> **Required action**
Leave out every picture, and return exactly the lines from the line containing "Figura 2. Retinografia" through the end of the records below, both inclusive.
───── Entries shown
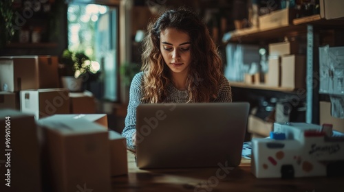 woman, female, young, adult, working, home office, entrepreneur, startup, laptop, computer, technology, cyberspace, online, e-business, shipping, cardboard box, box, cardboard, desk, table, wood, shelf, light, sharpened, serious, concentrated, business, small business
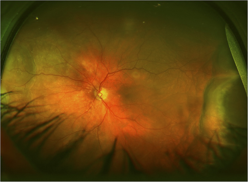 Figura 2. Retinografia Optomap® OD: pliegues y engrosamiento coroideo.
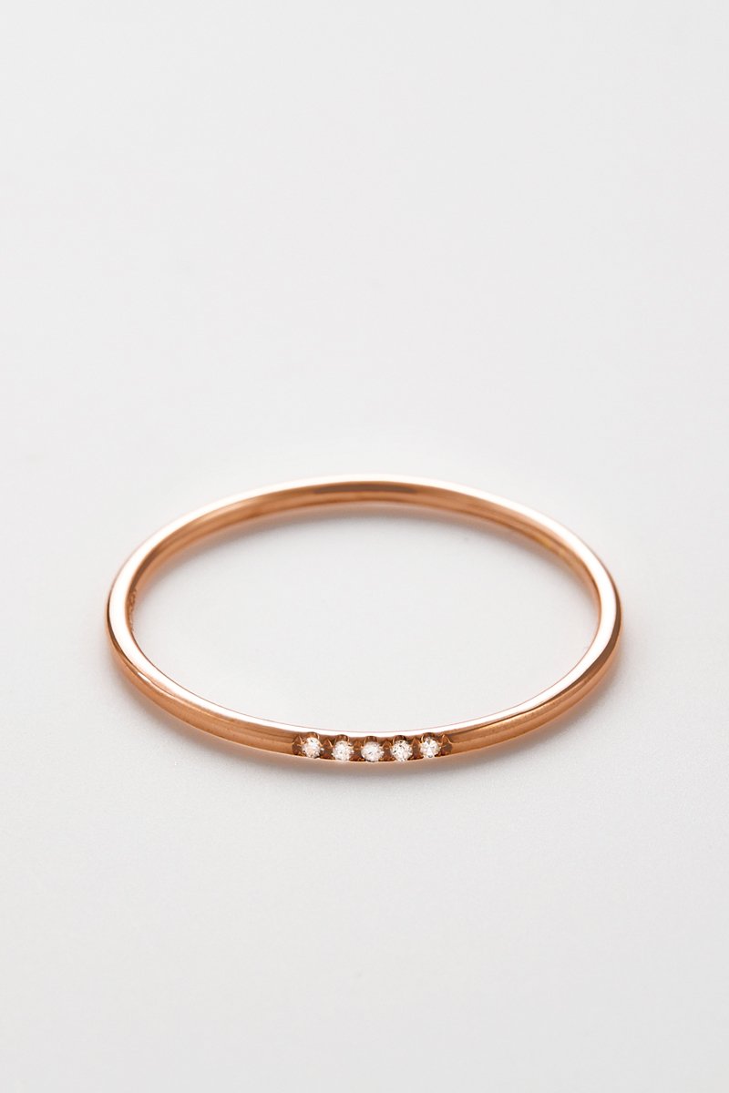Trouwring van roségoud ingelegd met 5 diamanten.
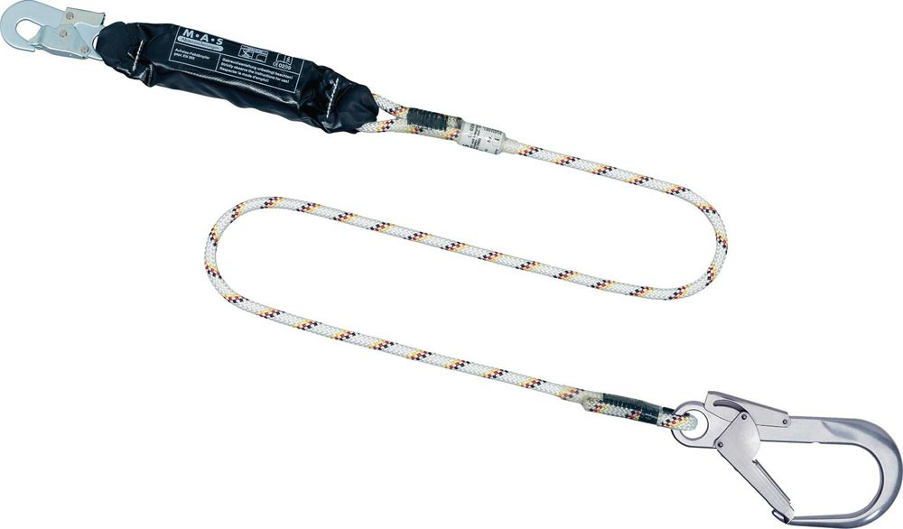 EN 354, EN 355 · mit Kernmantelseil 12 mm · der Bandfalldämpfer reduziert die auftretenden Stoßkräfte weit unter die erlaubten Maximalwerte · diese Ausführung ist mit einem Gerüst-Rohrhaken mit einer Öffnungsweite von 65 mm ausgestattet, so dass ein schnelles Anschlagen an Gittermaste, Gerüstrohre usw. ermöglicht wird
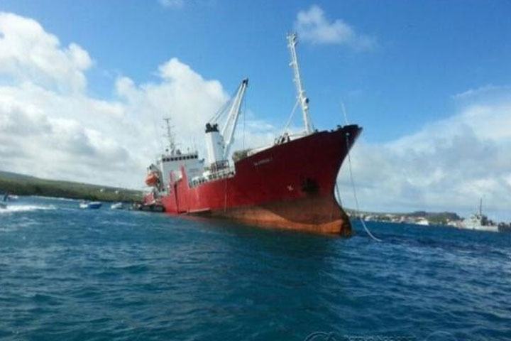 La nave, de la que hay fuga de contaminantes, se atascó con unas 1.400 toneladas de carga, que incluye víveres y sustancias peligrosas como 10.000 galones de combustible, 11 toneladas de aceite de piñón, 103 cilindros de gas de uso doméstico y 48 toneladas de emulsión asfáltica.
──────────
> **Exercise result**
 Figura 2. Retinografia Optomap® OD: pliegues y engrosamiento coroideo.
Trouwring van roségoud ingelegd met 5 diamanten.
 EN 354, EN 355 · mit Kernmantelseil 12 mm · der Bandfalldämpfer reduziert die auftretenden Stoßkräfte weit unter die erlaubten Maximalwerte · diese Ausführung ist mit einem Gerüst-Rohrhaken mit einer Öffnungsweite von 65 mm ausgestattet, so dass ein schnelles Anschlagen an Gittermaste, Gerüstrohre usw. ermöglicht wird
 La nave, de la que hay fuga de contaminantes, se atascó con unas 1.400 toneladas de carga, que incluye víveres y sustancias peligrosas como 10.000 galones de combustible, 11 toneladas de aceite de piñón, 103 cilindros de gas de uso doméstico y 48 toneladas de emulsión asfáltica.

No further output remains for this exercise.